◆ Work required:
Type out the lines below exactly, pictures excluded.

◆ Data provided:

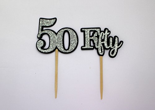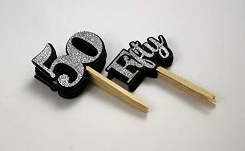 All About Details Black & Silver Fifty Cupcake Toppers, Set of 12
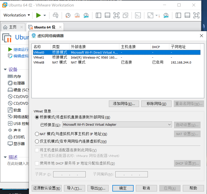 第一个是VMware软件里编辑-虚拟网络编辑器。在这里编辑虚拟机的网络设置。
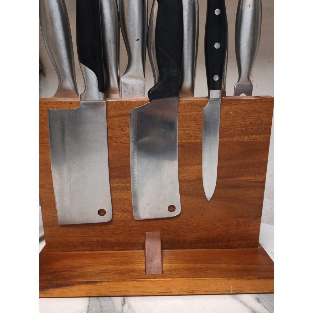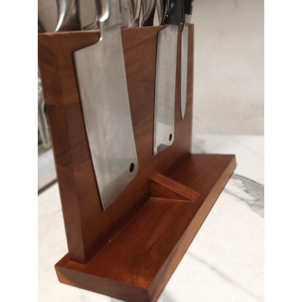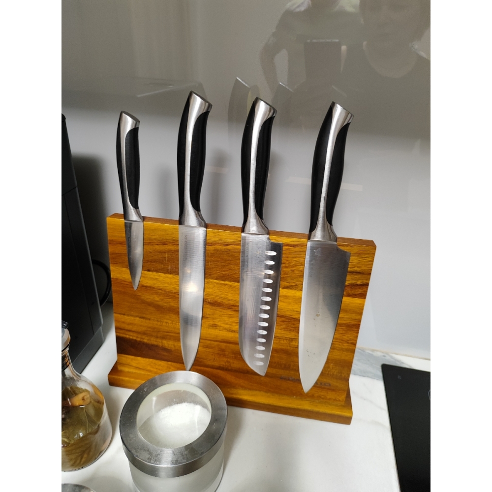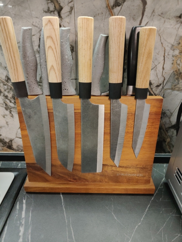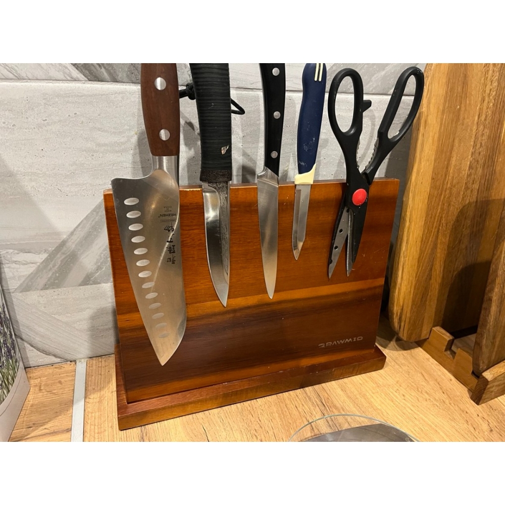 Магнитная подставка RAWMID выполнена из древесины акации и имеет высокую твёрдость и прочность. Также эта порода обладает высокой биоустойчивостью: не подвергается воздействию жучков-вредителей, хорошо сопротивляется отсыреванию. На подставку помещаются 4-5 широких ножей. Идеально сочетается с кухонными ножами RAWMID. Встроенный магнит крепко удерживает даже крупные ножи, обеспечивая им комфортные и безопасные условия хранения. Прорезиненные ножки в основании не позволяют подставке скользить и надёжно фиксируют её на поверхности.Магнитная подставка RAWMID выполнена из древесины акации и имеет высокую твёрдость и прочность. Также эта порода обладает высокой биоустойчивостью: не подвергается воздействию жучков-вредителей, хорошо сопротивляется отсыреванию. На подставку помещаются до 9 ножей (с двух сторон) 4-5 широких ножей. Идеально сочетается с кухонными ножами RAWMID. Встроенный магнит крепко удерживает даже крупные ножи, обеспечивая им комфортные и безопасные условия хранения. Прорезиненные ножки в основании не позволяют подставке скользить и надёжно фиксируют её на поверхности.

◆ Solution to this exercise:
 All About Details Black & Silver Fifty Cupcake Toppers, Set of 12
 第一个是VMware软件里编辑-虚拟网络编辑器。在这里编辑虚拟机的网络设置。
 Магнитная подставка RAWMID выполнена из древесины акации и имеет высокую твёрдость и прочность. Также эта порода обладает высокой биоустойчивостью: не подвергается воздействию жучков-вредителей, хорошо сопротивляется отсыреванию. На подставку помещаются 4-5 широких ножей. Идеально сочетается с кухонными ножами RAWMID. Встроенный магнит крепко удерживает даже крупные ножи, обеспечивая им комфортные и безопасные условия хранения. Прорезиненные ножки в основании не позволяют подставке скользить и надёжно фиксируют её на поверхности.Магнитная подставка RAWMID выполнена из древесины акации и имеет высокую твёрдость и прочность. Также эта порода обладает высокой биоустойчивостью: не подвергается воздействию жучков-вредителей, хорошо сопротивляется отсыреванию. На подставку помещаются до 9 ножей (с двух сторон) 4-5 широких ножей. Идеально сочетается с кухонными ножами RAWMID. Встроенный магнит крепко удерживает даже крупные ножи, обеспечивая им комфортные и безопасные условия хранения. Прорезиненные ножки в основании не позволяют подставке скользить и надёжно фиксируют её на поверхности.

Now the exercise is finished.